September 22, 2010
By Jordan Foster

Michele Norris, host of NPR’s All Things Considered and author of The Grace of Silence: A Memoir, talks about her Minneapolis upbringing and her family’s Deep South roots.

As a journalist, what was it like doing a project with your family history as the subject?

It was hard, even surreal at times. As a journalist, you don’t use the word “I” very often unless you’re a columnist or you’re writing an essay, but that’s generally not the lane that I swim in, so this was new for me. There were moments when it was exhilarating because I was filling in the blanks in my family’s history. And there were moments where it brought me to my knees. I’m used to telling other people’s stories and I’m used to mining for other people’s histories, but when it’s your own, it’s different.

Do you think this book will change your relationship with your family in the future?

I hope it deepens my relationship with them. When you write a memoir, you take a very tumultuous journey. And when you write a family memoir, you pull a lot of people into the boat who didn’t sign up for that journey, and they wind up riding down the rapids along with you. And there’s something that’s not entirely fair about that. So I tried to make sure that I was very respectful in everything that I did. I know that some family members may not be completely comfortable with the telling of these stories, but they’re our stories, it’s our history.

Why do you think the struggles of black WWII veterans are often skipped over during Black History Month celebrations and in school history lessons?

I think it wasn’t told in part because they didn’t want it told. They kept it to themselves. They didn’t trumpet these stories or pass them on even in the most personal encounters with their family members. It wasn’t in the military’s interest to talk about the marginalization of them during war. The civil rights period of the 1960s had such cinematic appeal and the boomers were such a big part of American culture, so that was the story that was told, repeated, refined, codified, diluted, and placed in history books for easy retelling. Somehow we just skipped over the preamble to the civil rights protests and forgot about all that led to them. It’s clear that the veterans’ protests set the stage for the civil rights victory that came later. They primed the pump of the American conscience. These men fought for democracy and were part of a successful campaign for human rights overseas; they caused Americans who believed in the Allied effort to really start to question the treatment of men and women who were marginalized as part of the war effort and what human rights meant on these shores. It was only because the veterans had fought for the right to vote and had really stood up for their rights that it was possible for the next generation of civil rights leaders—and the young people who marched in the streets—to ultimately secure the civil rights victory.
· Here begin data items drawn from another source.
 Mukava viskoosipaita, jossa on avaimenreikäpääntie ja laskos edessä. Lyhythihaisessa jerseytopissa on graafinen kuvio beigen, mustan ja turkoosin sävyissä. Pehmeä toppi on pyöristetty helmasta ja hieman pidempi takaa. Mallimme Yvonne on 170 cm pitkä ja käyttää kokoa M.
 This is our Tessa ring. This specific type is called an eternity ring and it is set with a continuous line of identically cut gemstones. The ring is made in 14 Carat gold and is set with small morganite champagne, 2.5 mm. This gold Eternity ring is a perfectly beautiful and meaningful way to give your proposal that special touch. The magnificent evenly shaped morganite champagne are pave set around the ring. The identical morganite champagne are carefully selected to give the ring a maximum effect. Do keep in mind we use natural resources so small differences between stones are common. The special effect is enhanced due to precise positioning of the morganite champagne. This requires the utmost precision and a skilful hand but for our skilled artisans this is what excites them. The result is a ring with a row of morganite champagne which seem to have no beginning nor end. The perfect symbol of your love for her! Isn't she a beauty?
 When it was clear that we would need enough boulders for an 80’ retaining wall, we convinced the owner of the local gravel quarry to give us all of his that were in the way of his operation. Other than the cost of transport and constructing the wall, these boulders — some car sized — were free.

When you pitched this project, did you always plan on incorporating the events surrounding your father’s shooting as well as details about your maternal grandmother, who appeared at country fairs and small towns to make pancakes while in costume as Aunt Jemima?
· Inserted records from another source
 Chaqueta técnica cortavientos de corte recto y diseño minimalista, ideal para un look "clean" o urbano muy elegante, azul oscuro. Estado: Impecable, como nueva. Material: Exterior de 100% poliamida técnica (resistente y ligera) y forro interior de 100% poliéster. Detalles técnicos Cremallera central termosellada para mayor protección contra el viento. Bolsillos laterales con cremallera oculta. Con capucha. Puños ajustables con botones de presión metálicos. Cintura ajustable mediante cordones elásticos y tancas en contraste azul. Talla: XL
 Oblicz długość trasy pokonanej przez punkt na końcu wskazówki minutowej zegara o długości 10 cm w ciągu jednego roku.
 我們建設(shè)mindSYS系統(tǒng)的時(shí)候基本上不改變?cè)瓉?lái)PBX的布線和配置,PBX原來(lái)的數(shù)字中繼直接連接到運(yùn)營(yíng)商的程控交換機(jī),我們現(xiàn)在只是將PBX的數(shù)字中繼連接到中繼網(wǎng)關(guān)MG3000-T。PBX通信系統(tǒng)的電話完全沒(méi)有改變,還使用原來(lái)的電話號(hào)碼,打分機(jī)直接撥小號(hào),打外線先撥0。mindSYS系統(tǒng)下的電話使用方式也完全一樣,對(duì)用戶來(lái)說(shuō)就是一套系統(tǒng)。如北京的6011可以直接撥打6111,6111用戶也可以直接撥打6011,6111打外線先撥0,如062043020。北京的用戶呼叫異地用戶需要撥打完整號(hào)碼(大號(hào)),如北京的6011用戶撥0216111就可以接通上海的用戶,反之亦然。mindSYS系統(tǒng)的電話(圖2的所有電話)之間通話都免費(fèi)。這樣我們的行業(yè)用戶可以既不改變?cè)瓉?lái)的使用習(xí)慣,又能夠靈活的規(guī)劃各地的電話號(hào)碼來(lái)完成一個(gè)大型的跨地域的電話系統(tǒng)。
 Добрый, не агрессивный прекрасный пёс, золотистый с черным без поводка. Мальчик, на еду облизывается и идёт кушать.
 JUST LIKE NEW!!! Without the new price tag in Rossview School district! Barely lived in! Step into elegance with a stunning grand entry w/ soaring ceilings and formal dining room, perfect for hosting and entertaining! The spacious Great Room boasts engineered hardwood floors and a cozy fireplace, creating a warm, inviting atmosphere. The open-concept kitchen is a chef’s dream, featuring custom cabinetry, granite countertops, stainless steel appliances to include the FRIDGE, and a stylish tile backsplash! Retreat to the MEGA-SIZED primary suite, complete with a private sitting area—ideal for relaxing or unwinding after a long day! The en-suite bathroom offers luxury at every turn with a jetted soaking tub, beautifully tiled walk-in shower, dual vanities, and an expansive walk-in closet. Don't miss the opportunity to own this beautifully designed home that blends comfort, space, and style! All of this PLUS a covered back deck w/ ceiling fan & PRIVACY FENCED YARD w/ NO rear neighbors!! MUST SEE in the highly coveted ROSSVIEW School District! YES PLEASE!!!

The project I pitched was really a story about America’s conversation about race. I had known about the Aunt Jemima story, and I thought it would be a small anecdote. I thought I would include it and my father’s story as a part of America’s larger conversation about race. But while I was working on the other book, I found that I was always canoodling in my own family history. I realized well into the project—I mean, deep into the project—that I was writing the wrong book, that I really needed to go where the story took me. The story was taking me down this lane of exploring what actually happened to my family and trying to understand, to some degree, the conversation of race based on that.